But you'll think better of it. Like should pair with like, Mr Glascock.
If you were to marry one of our young women, you would lose in dignity
as much as she would lose in comfort.' Then they parted, and she went
off to say farewell to other guests. The manner in which she had
answered what he had said to her had certainly been of a nature to stop
any further speech of the same kind. Had she been gentle with him, then
he would certainly have told her that she was the American woman whom
he desired to take with him to his home in England.



CHAPTER LVII - DOROTHY'S FATE

Towards the end of February Sir Peter Mancrudy declared Miss Stanbury
to be out of danger, and Mr Martin began to be sprightly on the
subject, taking to himself no inconsiderable share of the praise
accruing to the medical faculty in Exeter generally for the saving of a
life so valuable to the city. 'Yes, Mr Burgess,' Sir Peter said to old
Barty of the bank, 'our friend will get over it this time, and without
any serious damage to her constitution, if she will only take care of
herself.' Barty made some inaudible grunt, intended to indicate his own
indifference on the subject, and expressed his opinion to the chief
clerk that old Jemima Wideawake as he was pleased to call her was one
of those tough customers who would never die. 'It would be nothing to
us, Mr Barty, one way or the other,' said the clerk; to which Barty
Burgess assented with another grunt.

Camilla French declared that she was delighted to hear the news. At
this time there had been some sort of a reconciliation between her and
her lover. Mrs French had extracted from him a promise that he would
not go to Natal; and Camilla had commenced the preparations for her
wedding.

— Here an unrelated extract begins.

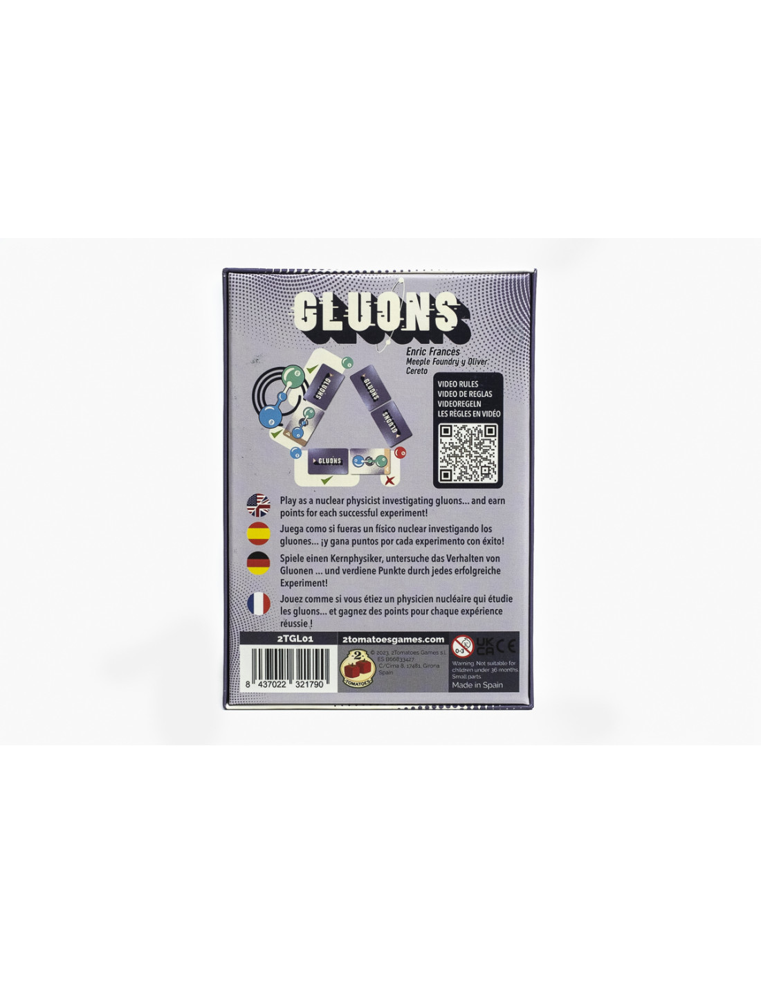 In Gluons laden wir Sie ein, in die Welt der Physik einzutauchen, zu erkunden, wie Gluonen funktionieren, und die Aufregung zu erleben, die Geheimnisse des Universums zu entdecken. Jedes Mal, wenn ein Fachmann eine effektive Interaktion zwischen Quarks erlebt, kommt er einen Schritt näher, seine Ziele zu erreichen. Gluons ist ein Spiel, bei dem die Hauptmechaniken das Bluffen und das Gedächtnis sind, obwohl es auch unerlässlich ist, Strategie und Taktik einzusetzen, um den Sieg zu erringen. Dieses aufregende Spiel dauert weniger als 15 Minuten und ist daher ein effektives Mittel, um die Konzepte der Teilchenphysik einem breiten Publikum näherzubringen.

His visits to Heavitree were as few and far between as he
could make them with any regard to decency; but the 31st of March was
coming on quickly, and as he was to be made a possession of them for
ever, it was considered to be safe and well to allow him some liberty
in his present condition. 'My dear, if they are driven, there is no
knowing what they won't do,' Mrs French said to her daughter. Camilla
had submitted with compressed lips and a slight nod of her head. She
had worked very hard, but her day of reward was coming. It was
impossible not to perceive both for her and her mother that the
scantiness of Mr Gibson's attention to his future bride was cause of
some weak triumph to Arabella. She said that it was very odd that he
did not come and once added with a little sigh that he used to come in
former days, alluding to those happy days in which another love was
paramount. Camilla could not endure this with an equal mind. 'Bella,
dear,' she said, 'we know what all that means. He has made his choice,
and if I am satisfied with what he does now, surely you need not
grumble.' Miss Stanbury's illness had undoubtedly been a great source
of contentment to the family at Heavitree, as they had all been able to
argue that her impending demise was the natural consequence of her
great sin in the matter of Dorothy's proposed marriage. When, however,
they heard from Mr Martin that she would certainly recover, that Sir
Peter's edict to that effect had gone forth, they were willing to
acknowledge that Providence, having so far punished the sinner, was
right in staying its hand and abstaining from the final blow. 'I'm sure
we are delighted,' said Mrs French, 'for though she has said cruel
things of us and so untrue too yet of course it is our duty to forgive
her. And we do forgive her.'

Dorothy had written three or four notes to Brooke since his departure,
which contained simple bulletins of her aunt's health. She always began
her letters with 'My dear Mr Burgess,' and ended them with 'yours
truly.' She never made any allusion to Brooke's declaration of love, or
gave the slightest sign in her letters to shew that she even remembered
it. At last she wrote to say that her aunt was convalescent; and, in
making this announcement, she allowed herself some enthusiasm of
expression. She was so happy, and was so sure that Mr Burgess would be
equally so! And her aunt had asked after her 'dear Brooke,' expressing
her great satisfaction with him, in that he had come down to see her
when she had been almost too ill to see anyone. In answer to this there
came to her a real love-letter from Brooke Burgess. It was the first
occasion on which he had written to her. The little bulletins had
demanded no replies, and had received none. Perhaps there had been a
shade of disappointment on Dorothy's side, in that she had written
thrice, and had been made rich with no word in return. But, although
her heart had palpitated on hearing the postman's knock, and had
palpitated in vain, she had told herself that it was all as it should
be. She wrote to him, because she possessed information which it was
necessary that she should communicate. He did not write to her, because
there was nothing for him to tell. Then had come the love-letter, and
in the love-letter there was an imperative demand for a reply.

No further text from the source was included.